[[ Information provided, beginning ]]
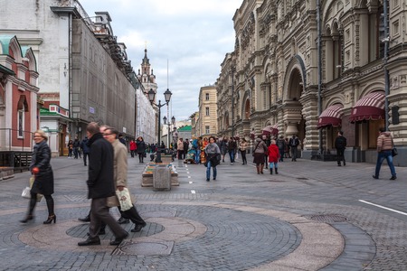Moscow, Russia, April 11, 2019: Rozhdestvenka street near Kuznetsky most subway station. Pedestrian zone. People walking
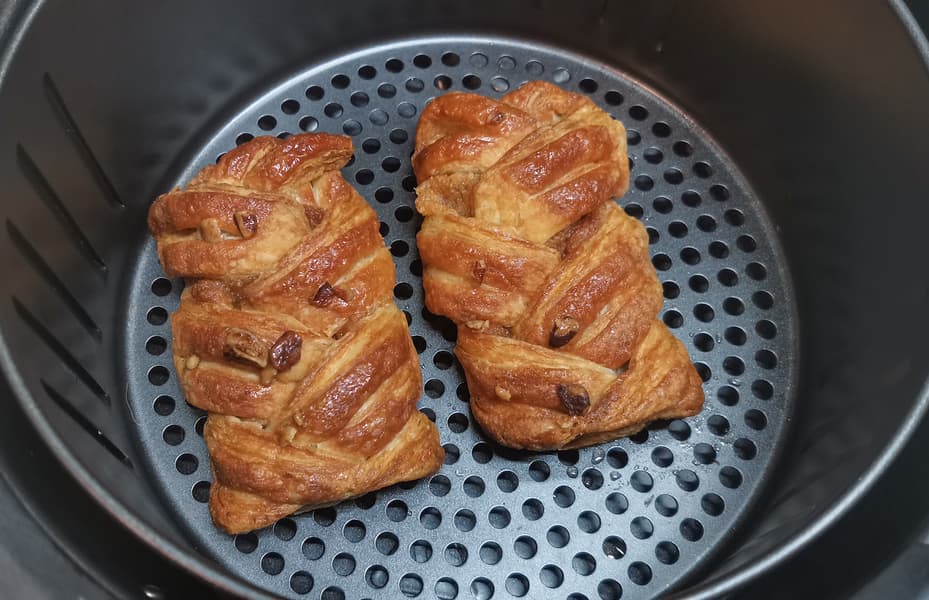 Мы взяли замороженную выпечку, в данном случае косичку с пеканом, и готовили в аэрогриле на 190 °C в течение 25 минут.
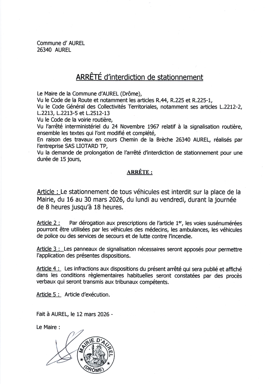 PROLONGATION de l'arrêté d'interdiction de stationnement
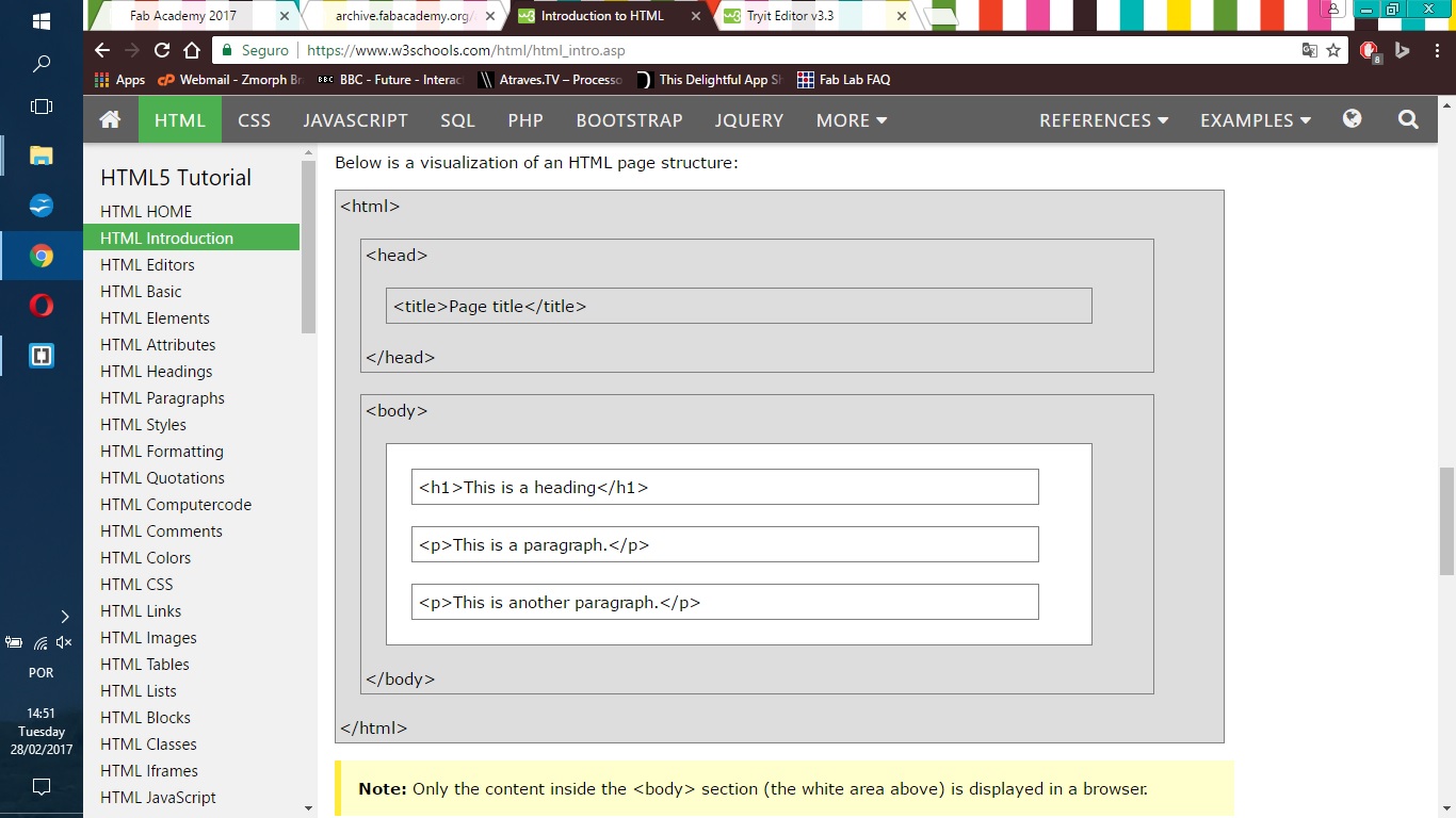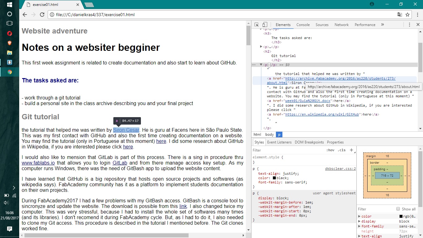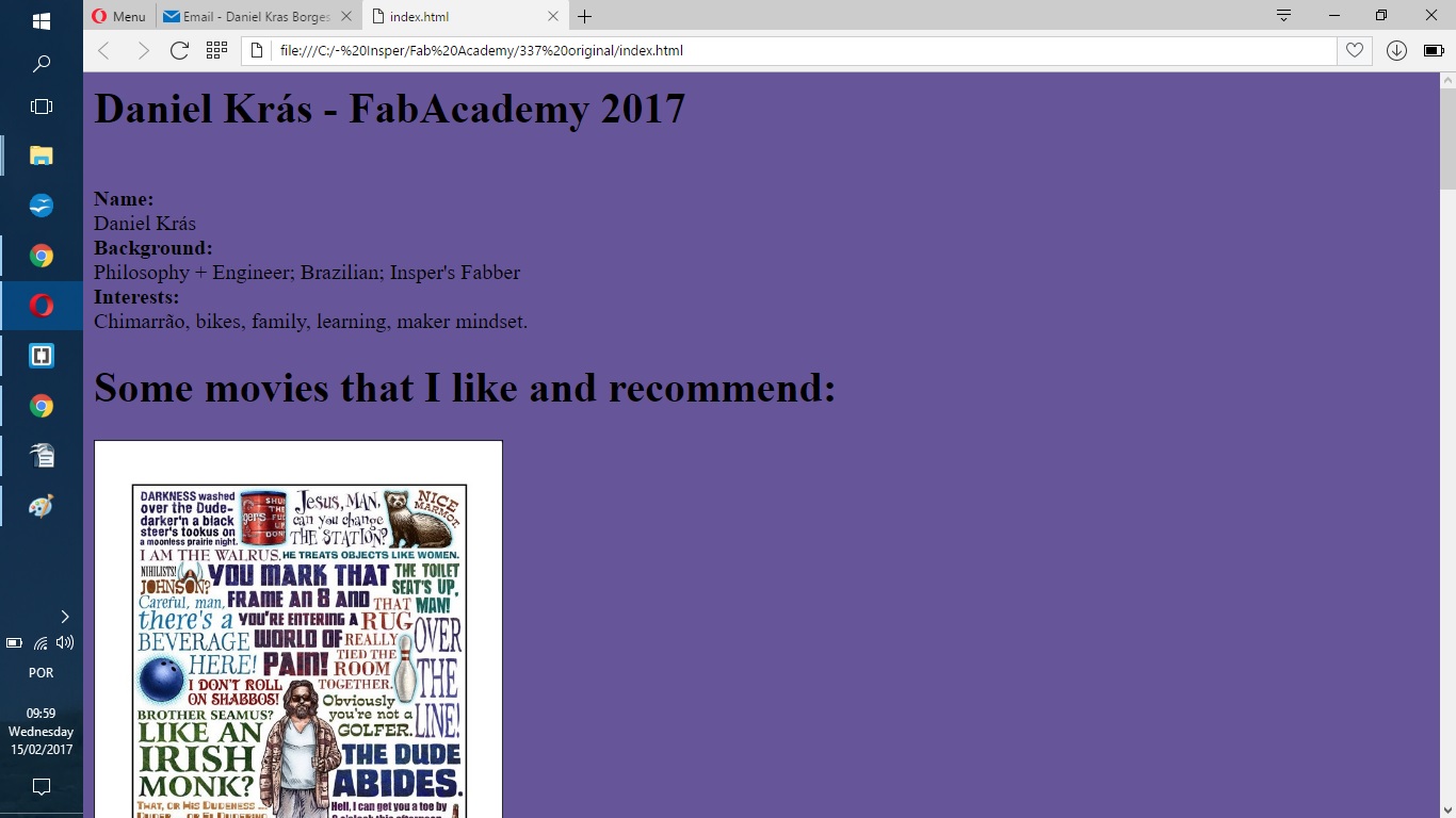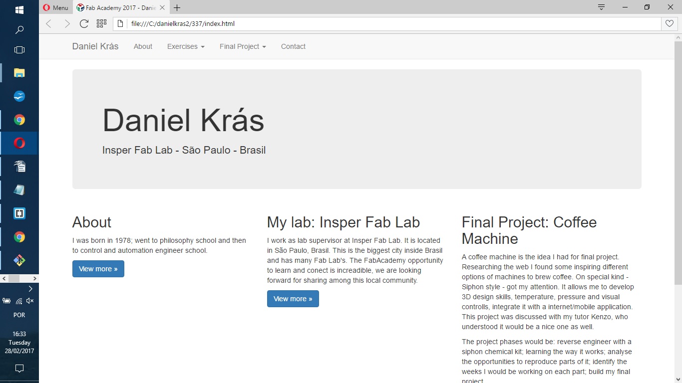 The personal website I build for the first week was very simple and I wrote the code based on w3schools website. This site documentation is very good and has some exemples. After that, I choosed to move on and change my website to Massimos' template. I found this reference in the FabAcademy tutorial page and also it was a suggestion of a fellow fabber. In the end of three weeks, I moved back to my own simple selfwrote code website. It took me too long to understand and edit Massimos' template. It has more features than the number I intended to deal with at this moment.
[[ Information provided, end ]]
§ **To do**
Output all the material exactly. The pictures are to be left out.

§ **Answer to this problem**
Moscow, Russia, April 11, 2019: Rozhdestvenka street near Kuznetsky most subway station. Pedestrian zone. People walking
 Мы взяли замороженную выпечку, в данном случае косичку с пеканом, и готовили в аэрогриле на 190 °C в течение 25 минут.
 PROLONGATION de l'arrêté d'interdiction de stationnement
 The personal website I build for the first week was very simple and I wrote the code based on w3schools website. This site documentation is very good and has some exemples. After that, I choosed to move on and change my website to Massimos' template. I found this reference in the FabAcademy tutorial page and also it was a suggestion of a fellow fabber. In the end of three weeks, I moved back to my own simple selfwrote code website. It took me too long to understand and edit Massimos' template. It has more features than the number I intended to deal with at this moment.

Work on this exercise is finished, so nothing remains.